Hell's Kitchen will have a negative impact on the temples of gastronomy themselves. Eating in a triple Michelin-starred restaurant now feels a bit like watching the Kirov Ballet in the communist era: exquisite beauty with the uneasy suspicion that Maestro had the ballerina across his knee during rehearsal. These days the steer providing the fillet steak probably has a better life than the commis chef in Ramsay's kitchen. Who knows, maybe menus will soon feature statements to placate horrified viewers: "Our chickens are prepared without cruelty to people," or perhaps a Beef without Bollocking logo.

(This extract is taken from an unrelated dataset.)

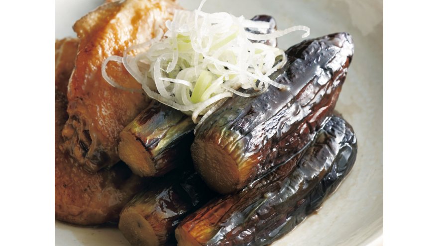 フライパンでなすと手羽先をこんがり焼き、そのまま煮るから簡単です。なすが柔らかくなるころには、手羽先のうまみと甘辛味がしみ込んでおいしくなります。

The risky nature of the restaurant trade is part of Ramsay's drive. He can be seen whizzing around London in his new £110,000 Bentley Continental checking each restaurant - one supposes happily berating women drivers while venting ire on traffic wardens and taxi drivers. He is balancing a lot of plates. It's high-stress management in a competitive business. "He feels he has to grasp his business with both hands, trading on his name as hard as he can while he's flavour of the month," says Philip Beresford, author of the Sunday Times Rich List. Ramsay does not operate one long-standing company with a visible track record but several different ones that do not reveal profit and loss accounts. "His wealth is estimated on the brand value of his name; there do not seem to be huge assets to fall back on," says Beresford. Ramsay himself recently fell victim to the precariousness of the trade, closing his Glasgow restaurant Amaryllis shortly before his Channel 4 troubleshooting series, Gordon Ramsay's Kitchen Nightmares, was shown.

Dominating primetime will go a long way to keeping his remaining restaurants busy, but TV is a ruthless mistress. Once it has created a personality, the star is stuck with it. Ramsay wants it both ways, arguing that he is not the raging monster he appears on the box. Reacting to criticism that he humiliated a chef on Kitchen Nightmares, he argues that the guy would have made a "fucking twat" of himself unassisted, and that he [Ramsay] was frustrated and depressed.

He may have to go the way of Jamie Oliver whose cheeky chappie persona became so irritating to viewers that he was forced to reinvent himself as a philanthropist. The new incarnation has been successful, and Ramsay, feeling misunderstood, may go in for a similar makeover one day. Will we see an all-girls kitchen with Ramsay as the kitchen porter, perhaps recruiting traffic wardens to work front of house? Or maybe a stint as a midwife? No. A glimpse instead of this clearly sensitive individual's inner child would be a welcome change. Much better than another helping of spleen.